Most people often view the two policies as interchangeable when that is not the case. In this article, we take an in-depth look at the two and the purposes they serve.

What is Short Term Disability and How does it Differ From Workers’ Compensation?

A short-term disability refers to an employee benefits employers provide out of their own volition. In most cases, the employee pays for part or the entire benefit. Short-term disabilities are tailored to cover employees who suffer illnesses or injuries not related to work.

With a short-term disability, employees receive income replacement when they cannot work due to treatment or recovery. The short-term disability benefits come from the insurance company providing coverage under the employee benefit plan offered by the company.

On the other hand, workers’ compensation benefits apply to employees who sustain injuries while at work. They also apply to workers who develop illnesses or diseases from their employment. Unlike short-term disability benefits, workers’ compensation plans are not voluntary. Any employer with three or more workers must provide workers’ compensation coverage.

Below are some of the other differences between the two:

  • Short-term disability pays a lower percentage of your salary as compared to a workers’ compensation policy.
  • Short-term disability benefits may be taxable based on the plan, while workers’ compensation benefits cannot be taxed.
  • With workers’ compensation plans, you can get wage loss benefits covering as much as 500 weeks. The amount could be more than 500 weeks if you qualify for total and permanent disability. Most short-term disability benefits cover only a couple of weeks.
  • You will have an easier time litigating workers’ compensation denials as compared to short-term disability benefits.

When talking about actual benefits, you are better off with workers’ compensation. However, not everyone qualifies for a workers’ compensation policy.

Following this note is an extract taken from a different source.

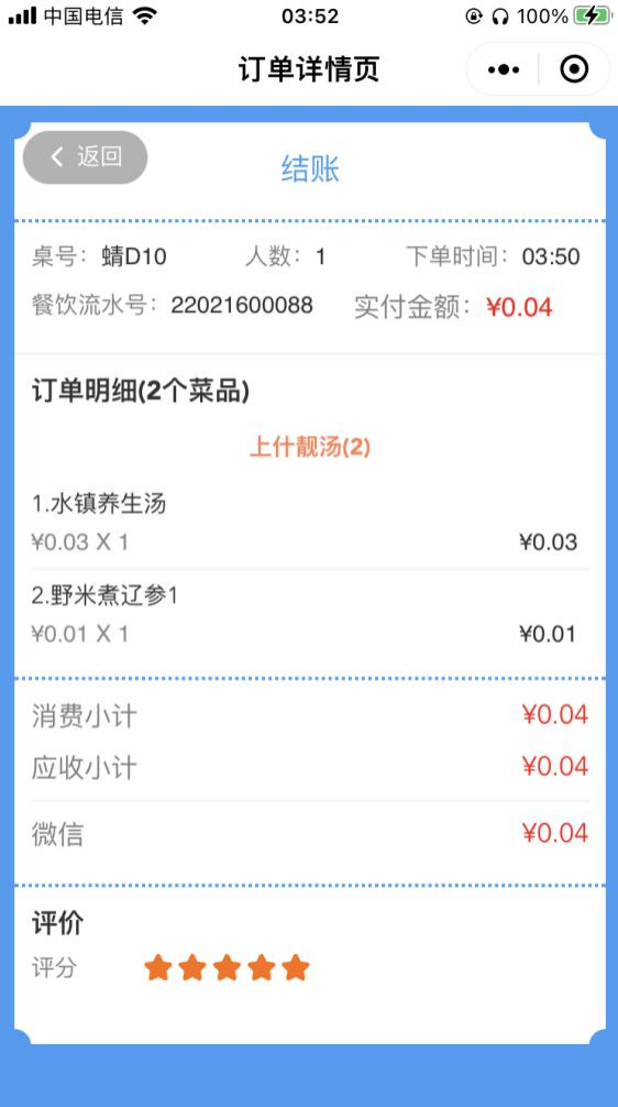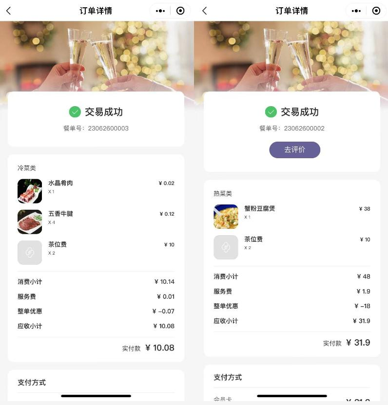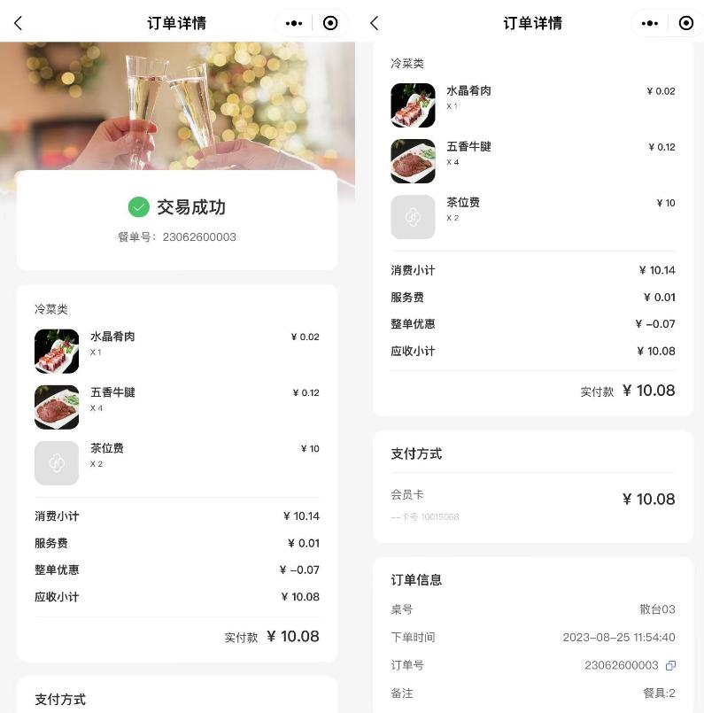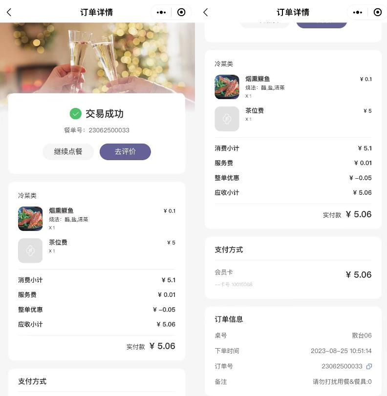 2、 若为结账成功后自动跳转至订单详情页,则餐单顶部信息显示〖继续点餐〗及〖去

If you are, you may have to work with Phoenix Workers’ Compensation Attorneys to litigate your claim to get the wage loss, permanent partial disability, and medical treatment benefits you rightfully deserve.

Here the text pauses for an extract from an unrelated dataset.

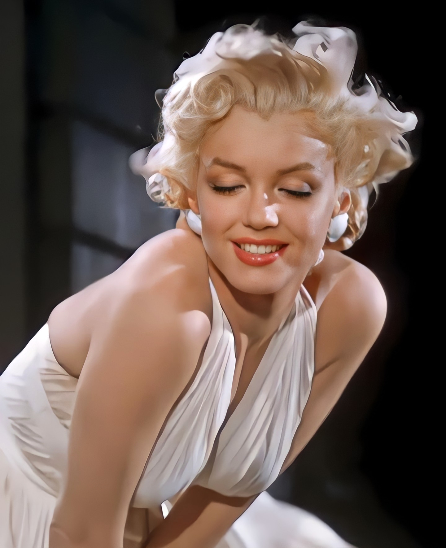 Η φούστα του λευκού εξώπλατου που φορά “Το κορίτσι» σηκώνεται αποκαλύπτοντας τα πόδια της ως ψηλά στους μηρούς ενώ εκείνη γελά με την αφέλεια μικρού παιδιού, καθώς στέκεται στην σχάρα κάτω από την οποία περνάει ο υπόγειος σιδηρόδρομος και περιμένει το επόμενο τρένο για την φυσήξει και πάλι το αεράκι.

Can You Get Both Workers’ Compensation and Short Term Disability Benefits?

In most cases, you cannot get the two simultaneously. However, there are some exceptions. Talk to Phoenix Workers’ Compensation Attorneys to get more details about your short-term disability benefits if you feel you are also eligible for workers’ compensation benefits for the same illness or injury.

If you do not qualify for both, apply for workers’ comp benefits if your injuries or illness-related to your work environment. If you have injuries that may cause you to miss work even though you did not sustain them at work, the best option would be short-term disability benefits.